The oil recovery enhancement is a major technical issue in the development of oil and gas fields. The smart oil field is an effective way to deal with the issue. It can achieve the maximum profits in the oil production at a minimum cost, and represents the future direction of oil fields. This paper discusses the core of the smart field theory, mainly the real-time optimization method of the injection-production rate of water-oil wells in a complex oil-gas filtration system. Computing speed is considered as the primary prerequisite because this research depends very much on reservoir numerical simulations and each simulation may take several hours or even days. An adjoint gradient method of the maximum theory is chosen for the solution of the optimal control variables. Conventional solving method of the maximum principle requires two solutions of time series: the forward reservoir simulation and the backward adjoint gradient calculation. In this paper, the two processes are combined together and a fully implicit reservoir simulator is developed. The matrixes of the adjoint equation are directly obtained from the fully implicit reservoir simulation, which accelerates the optimization solution and enhances the efficiency of the solving model. Meanwhile, a gradient projection algorithm combined with the maximum theory is used to constrain the parameters in the oil field development, which make it possible for the method to be applied to the water flooding optimization in a real oil field. The above theory is tested in several reservoir cases and it is shown that a better development effect of the oil field can be achieved.

water flooding optimization, adjoint model, fully implicit simulation, constrained optimization, gradient projection

Introduction

As is well known, almost all reservoirs are heterogeneous and the injection water would rapidly break through along high-permeability channels to production wells. Therefore, the water can not drive the oil like a piston, along uneven waterlines. The conventional way is to design orthogonal experiments for different production plans to determine a reasonable start time of water flooding and the production/injection rate. However, all these different production parameters are set by hand, and the results are heavily affected by subjective factors. As a result, the chosen plan might not be the optimal one for a given reservoir. Meanwhile, the process will take a considerable amount of time and labour and is not feasible enough to determine the real-time production adjustment plan.
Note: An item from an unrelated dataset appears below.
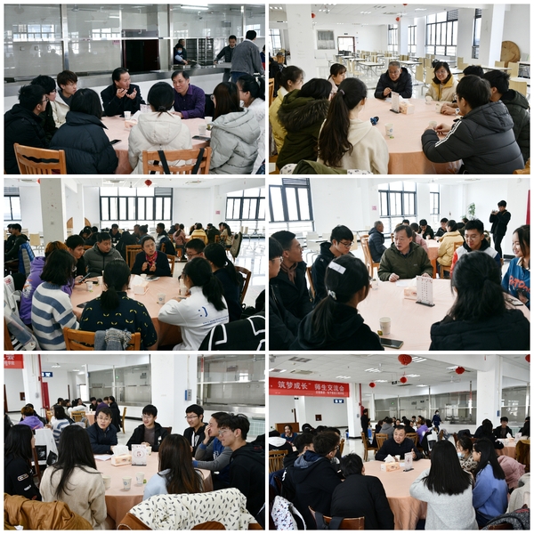 为深入学习贯彻习近平新时代中国特色社会主义思想,认真贯彻全国教育大会、全国高校思想政治工作会议和学校思想政治理论课教师座谈会精神,全面推进全员全程全方位育人,切实落实久久小说 《领导干部深入基层联系学生工作方案》,12月4日中午,我院与后勤集团在和园食堂三楼联合举办了“全心‘味’你,筑梦成长”师生交流会。后勤集团党委书记张明、总经理贡建伟、副书记侯贵菊、副总经理李辉、王国军、朱志航,久久小说 党委书记聂东林、党委副书记雷蕾以及对接学生代表共六十余人参加了此次活动。

In 2004, Brouwer[1]et al., Delft University of Technology, The Netherlands, proposed a new forecasting method, for the reservoir production optimal control, which combines the reservoir numerical simulation with the optimization theory. It can be used to adjust the performance of the reservoir and to obtain the optimal control rates to maximize economic profits. The main parameters to optimize include: the production rate, the injection rate and the bottomhole flowing pressure. The final objective of the optimal control is to provide the best real-time production plan in a rapid and convenient way.
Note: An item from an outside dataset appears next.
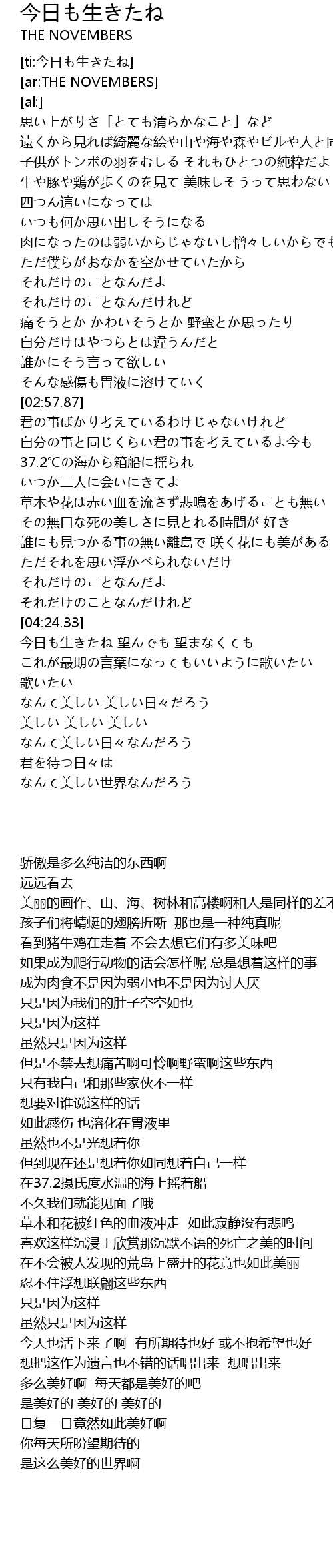 | [04:27.91] | 今日も生きたね 望んでも 望まなくても |

To solve the mathematical model of the optimal control for the reservoir development, there are mainly two kinds of methods as follows:

(1) Gradient-based algorithms. Wang et al.[2]used the perturbation method to calculate the gradientof the optimal control model. The calculation of the gradient is simple but time-consuming, and each perturbation requires two reservoir simulations at least. Brouwer[1], Jansen et al.[3]and Zhang et al.[4]calculated the gradient of the model using the maximum principle. But they do not combine the two processes together and constrain the injection-production parameters. Chen et al.[5]proposed an augmented Lagrangian method for the production optimization and a way to avoid the need to convert the inequality constraints to equality constraints. Zhang et al.[6]optimized well placement and production together using gradient algorithm. Jansen[7]discussed in detail various aspects of the adjoint-based optimization of the reservoir fooding including the optimal control theory, the computational aspects and the operational use. Although the gradient-based algorithms make the fastest calculations, they are more complex than other methods and it is difficult to develop related programs.
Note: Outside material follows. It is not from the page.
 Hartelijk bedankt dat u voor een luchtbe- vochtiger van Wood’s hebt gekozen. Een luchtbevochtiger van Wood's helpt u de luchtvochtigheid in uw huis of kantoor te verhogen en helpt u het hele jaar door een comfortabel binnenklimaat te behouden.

(2) Stochastic algorithms. Alghareeb et al.[8]and Chen et al.[9]used the genetic algorithm to optimize the injection and production strategy to find a global optimal solution through large-scale computing, but this method has a low efficiency as a result of too many iterations. Lorentzen et al.[10], Chaudhri et al.[11], Chen and Oliver[12]used the Ensemble Kalman filter (EnKF) as well as its improved methods EnOpt to complete the production optimization. Shuai et al.[13]applied the multiscale regularization to EnOpt and to the bound optimization by quadratic approximation (BOBYQA) to address the problem brought by too high or too low frequencies in the control adjustment. With the multiscale regularization, both methods can be used to obtain the net value of production (NVP) that is equal to or exceeds the unregularized optimization, with simpler well control strategies and to reach a convergence in fewer iterations. Chen[14]tested three derivative-free algorithms: VFSA, SPMI and QIM, all in good matches and verified the fact that the DFO algorithm is capable and applicable in simulators without an adjoint formulation built in. Zhao et al.[15]proposed a new derivative-free optimization algorithm (QIM-AG) for the production optimization. Although this algorithm performs better in terms of the value of NPV attained and the computational efficiency than other derivative-free algorithms tested, it still requires more simulation runs and with a lower NPV than the adjoint-based method. And in the same year, Yan and Reynolds[16]developed a more robust optimization procedure and presented several versions of SGFD-based search direction methods that combine the fnite difference approximations with the stochastic gradients.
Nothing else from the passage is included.